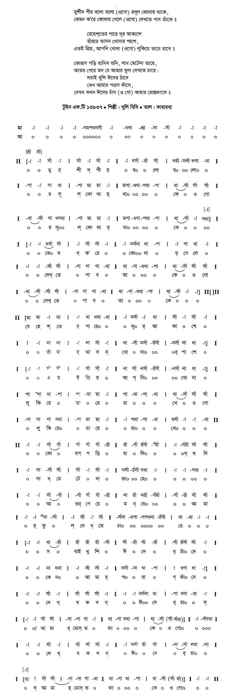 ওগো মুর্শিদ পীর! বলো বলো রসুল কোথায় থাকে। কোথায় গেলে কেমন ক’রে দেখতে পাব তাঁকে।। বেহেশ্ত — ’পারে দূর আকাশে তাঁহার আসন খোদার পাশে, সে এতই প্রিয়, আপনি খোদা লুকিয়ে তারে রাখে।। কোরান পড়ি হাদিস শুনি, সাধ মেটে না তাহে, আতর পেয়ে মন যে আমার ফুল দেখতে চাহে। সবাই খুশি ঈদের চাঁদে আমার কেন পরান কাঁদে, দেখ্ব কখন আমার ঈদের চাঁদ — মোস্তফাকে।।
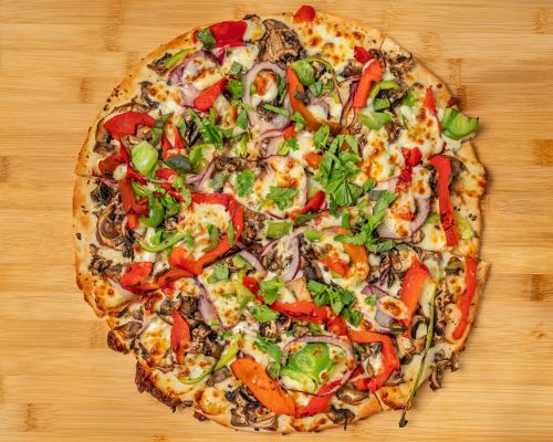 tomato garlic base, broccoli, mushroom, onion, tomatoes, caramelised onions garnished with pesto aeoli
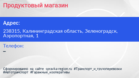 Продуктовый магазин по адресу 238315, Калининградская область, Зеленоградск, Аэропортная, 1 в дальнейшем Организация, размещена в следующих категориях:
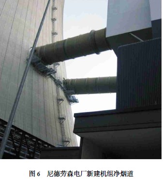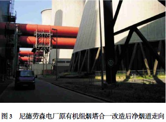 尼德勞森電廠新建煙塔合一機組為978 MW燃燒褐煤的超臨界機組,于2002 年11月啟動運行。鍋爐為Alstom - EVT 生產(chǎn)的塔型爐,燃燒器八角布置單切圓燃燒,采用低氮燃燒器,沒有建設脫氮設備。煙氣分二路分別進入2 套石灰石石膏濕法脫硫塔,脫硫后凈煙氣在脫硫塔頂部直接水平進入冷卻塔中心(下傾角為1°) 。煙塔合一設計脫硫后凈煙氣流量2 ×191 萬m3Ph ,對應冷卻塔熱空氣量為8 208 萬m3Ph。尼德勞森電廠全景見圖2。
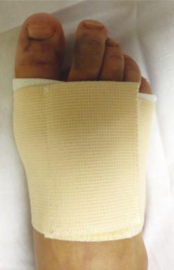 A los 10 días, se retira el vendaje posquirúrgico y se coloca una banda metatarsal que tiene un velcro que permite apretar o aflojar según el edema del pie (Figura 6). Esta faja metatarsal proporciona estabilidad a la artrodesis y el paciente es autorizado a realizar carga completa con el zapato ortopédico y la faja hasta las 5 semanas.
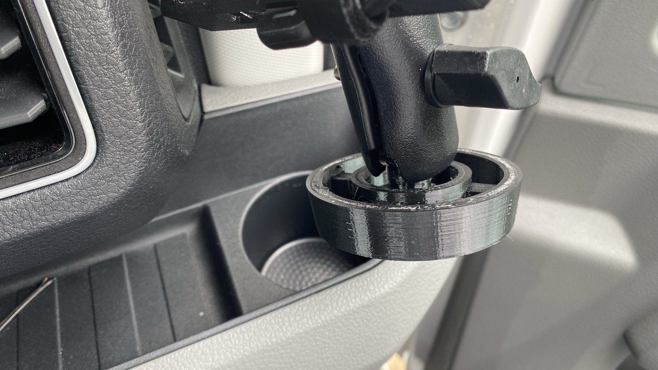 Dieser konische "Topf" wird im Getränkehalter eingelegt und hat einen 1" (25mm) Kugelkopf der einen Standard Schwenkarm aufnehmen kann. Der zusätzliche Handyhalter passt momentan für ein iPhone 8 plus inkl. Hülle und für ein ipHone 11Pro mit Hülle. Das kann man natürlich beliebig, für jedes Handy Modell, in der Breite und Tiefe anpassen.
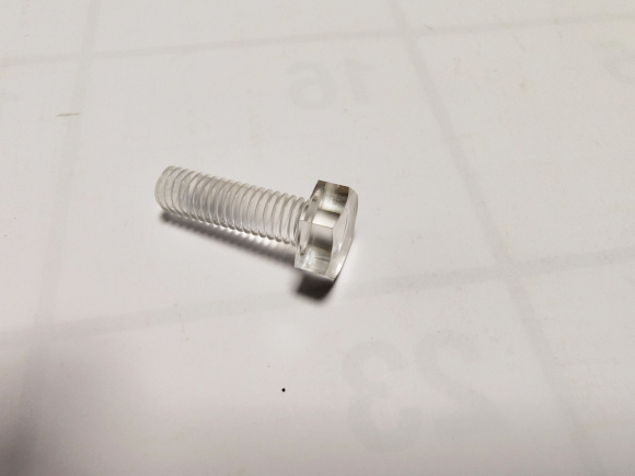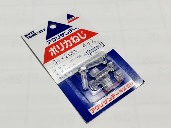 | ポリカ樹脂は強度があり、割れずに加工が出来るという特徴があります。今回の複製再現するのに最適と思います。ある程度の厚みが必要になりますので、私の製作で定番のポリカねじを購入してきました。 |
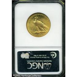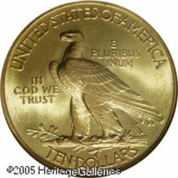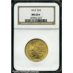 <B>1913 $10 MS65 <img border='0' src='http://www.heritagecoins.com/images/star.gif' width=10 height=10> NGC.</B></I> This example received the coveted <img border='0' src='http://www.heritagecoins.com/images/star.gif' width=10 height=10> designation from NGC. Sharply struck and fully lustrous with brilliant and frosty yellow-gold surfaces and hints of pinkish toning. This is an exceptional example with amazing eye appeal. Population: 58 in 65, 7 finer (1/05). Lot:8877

---

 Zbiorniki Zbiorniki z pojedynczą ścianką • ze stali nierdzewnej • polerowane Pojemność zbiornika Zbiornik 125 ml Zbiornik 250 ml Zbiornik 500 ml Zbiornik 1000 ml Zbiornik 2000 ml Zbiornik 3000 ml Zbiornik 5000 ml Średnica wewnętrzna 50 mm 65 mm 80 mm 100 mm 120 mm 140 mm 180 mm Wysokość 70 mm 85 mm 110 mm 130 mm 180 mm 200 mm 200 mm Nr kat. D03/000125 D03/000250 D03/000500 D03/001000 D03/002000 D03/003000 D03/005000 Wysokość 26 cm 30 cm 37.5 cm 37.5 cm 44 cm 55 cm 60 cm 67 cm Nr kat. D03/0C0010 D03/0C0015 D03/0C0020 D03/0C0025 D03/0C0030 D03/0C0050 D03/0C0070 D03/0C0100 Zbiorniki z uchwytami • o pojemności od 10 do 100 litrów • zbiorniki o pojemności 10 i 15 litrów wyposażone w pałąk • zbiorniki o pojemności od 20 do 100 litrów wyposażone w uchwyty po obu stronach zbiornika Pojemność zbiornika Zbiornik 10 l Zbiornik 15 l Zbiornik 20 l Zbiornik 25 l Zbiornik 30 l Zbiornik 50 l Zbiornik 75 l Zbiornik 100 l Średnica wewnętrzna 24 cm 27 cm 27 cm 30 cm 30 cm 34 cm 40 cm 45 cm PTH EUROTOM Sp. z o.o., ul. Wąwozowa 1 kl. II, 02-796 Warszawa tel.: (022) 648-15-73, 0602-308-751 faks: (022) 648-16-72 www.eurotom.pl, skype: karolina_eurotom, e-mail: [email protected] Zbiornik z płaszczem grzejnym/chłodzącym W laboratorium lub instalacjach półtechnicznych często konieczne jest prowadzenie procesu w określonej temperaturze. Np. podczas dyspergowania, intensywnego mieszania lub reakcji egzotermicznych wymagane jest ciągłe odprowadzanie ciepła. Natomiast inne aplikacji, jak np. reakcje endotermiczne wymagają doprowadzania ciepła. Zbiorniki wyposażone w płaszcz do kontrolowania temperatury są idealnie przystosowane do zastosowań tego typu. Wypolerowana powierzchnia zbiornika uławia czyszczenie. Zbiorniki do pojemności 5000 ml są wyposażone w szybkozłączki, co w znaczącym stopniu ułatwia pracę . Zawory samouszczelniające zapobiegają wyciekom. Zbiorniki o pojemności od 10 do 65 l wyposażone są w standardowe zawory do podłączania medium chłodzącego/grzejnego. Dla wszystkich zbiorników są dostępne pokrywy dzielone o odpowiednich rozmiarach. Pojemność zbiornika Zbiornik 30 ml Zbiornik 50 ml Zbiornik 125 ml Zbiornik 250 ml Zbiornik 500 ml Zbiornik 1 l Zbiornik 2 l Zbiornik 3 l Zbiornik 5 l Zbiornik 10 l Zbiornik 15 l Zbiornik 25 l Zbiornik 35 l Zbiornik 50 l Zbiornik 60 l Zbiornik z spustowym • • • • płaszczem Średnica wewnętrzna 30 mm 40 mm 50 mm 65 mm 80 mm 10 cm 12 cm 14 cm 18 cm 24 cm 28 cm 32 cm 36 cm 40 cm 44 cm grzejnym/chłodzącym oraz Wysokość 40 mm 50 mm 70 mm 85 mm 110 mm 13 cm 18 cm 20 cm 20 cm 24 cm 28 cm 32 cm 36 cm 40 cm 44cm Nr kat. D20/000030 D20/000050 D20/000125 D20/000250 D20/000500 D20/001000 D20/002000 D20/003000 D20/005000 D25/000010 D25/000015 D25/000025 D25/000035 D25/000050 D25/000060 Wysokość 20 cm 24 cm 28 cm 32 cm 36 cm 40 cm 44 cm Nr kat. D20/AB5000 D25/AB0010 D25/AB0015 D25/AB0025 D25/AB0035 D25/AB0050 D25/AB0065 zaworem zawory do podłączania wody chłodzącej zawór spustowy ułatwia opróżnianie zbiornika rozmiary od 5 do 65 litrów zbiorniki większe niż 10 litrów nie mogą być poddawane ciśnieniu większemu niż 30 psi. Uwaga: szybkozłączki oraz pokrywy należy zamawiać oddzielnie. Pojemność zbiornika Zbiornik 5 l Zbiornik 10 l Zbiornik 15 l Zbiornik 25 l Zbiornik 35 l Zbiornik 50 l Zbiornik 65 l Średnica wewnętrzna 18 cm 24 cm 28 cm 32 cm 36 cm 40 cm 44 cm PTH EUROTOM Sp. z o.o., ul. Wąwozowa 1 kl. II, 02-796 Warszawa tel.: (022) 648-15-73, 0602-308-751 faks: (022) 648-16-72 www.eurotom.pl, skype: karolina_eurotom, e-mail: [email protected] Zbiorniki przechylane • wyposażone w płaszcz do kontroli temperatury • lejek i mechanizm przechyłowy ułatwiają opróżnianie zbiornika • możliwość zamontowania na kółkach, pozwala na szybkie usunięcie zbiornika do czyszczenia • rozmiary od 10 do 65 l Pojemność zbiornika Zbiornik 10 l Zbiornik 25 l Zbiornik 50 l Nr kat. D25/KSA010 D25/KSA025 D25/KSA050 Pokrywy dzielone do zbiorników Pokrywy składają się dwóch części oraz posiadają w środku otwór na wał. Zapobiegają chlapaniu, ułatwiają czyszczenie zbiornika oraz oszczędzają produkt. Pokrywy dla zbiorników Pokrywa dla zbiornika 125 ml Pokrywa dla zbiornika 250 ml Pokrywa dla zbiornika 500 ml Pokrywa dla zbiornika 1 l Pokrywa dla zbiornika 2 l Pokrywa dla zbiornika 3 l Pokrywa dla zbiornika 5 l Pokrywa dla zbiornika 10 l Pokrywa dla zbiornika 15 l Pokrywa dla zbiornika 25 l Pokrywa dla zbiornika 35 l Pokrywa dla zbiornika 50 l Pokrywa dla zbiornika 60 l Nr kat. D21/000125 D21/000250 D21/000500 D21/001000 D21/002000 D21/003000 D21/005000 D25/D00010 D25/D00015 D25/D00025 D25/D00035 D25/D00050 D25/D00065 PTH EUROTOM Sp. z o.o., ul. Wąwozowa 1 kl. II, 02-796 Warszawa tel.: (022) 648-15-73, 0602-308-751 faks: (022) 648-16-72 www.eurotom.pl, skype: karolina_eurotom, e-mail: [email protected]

* [To do] Above this task is a listing with pictures in it. Retype only the lines from the one containing "ওগো মুর্শিদ পীর!" through the one containing "with pesto aeoli", both included, and not the pictures.

* [Answer space]
 ওগো মুর্শিদ পীর! বলো বলো রসুল কোথায় থাকে। কোথায় গেলে কেমন ক’রে দেখতে পাব তাঁকে।। বেহেশ্ত — ’পারে দূর আকাশে তাঁহার আসন খোদার পাশে, সে এতই প্রিয়, আপনি খোদা লুকিয়ে তারে রাখে।। কোরান পড়ি হাদিস শুনি, সাধ মেটে না তাহে, আতর পেয়ে মন যে আমার ফুল দেখতে চাহে। সবাই খুশি ঈদের চাঁদে আমার কেন পরান কাঁদে, দেখ্ব কখন আমার ঈদের চাঁদ — মোস্তফাকে।।
 tomato garlic base, broccoli, mushroom, onion, tomatoes, caramelised onions garnished with pesto aeoli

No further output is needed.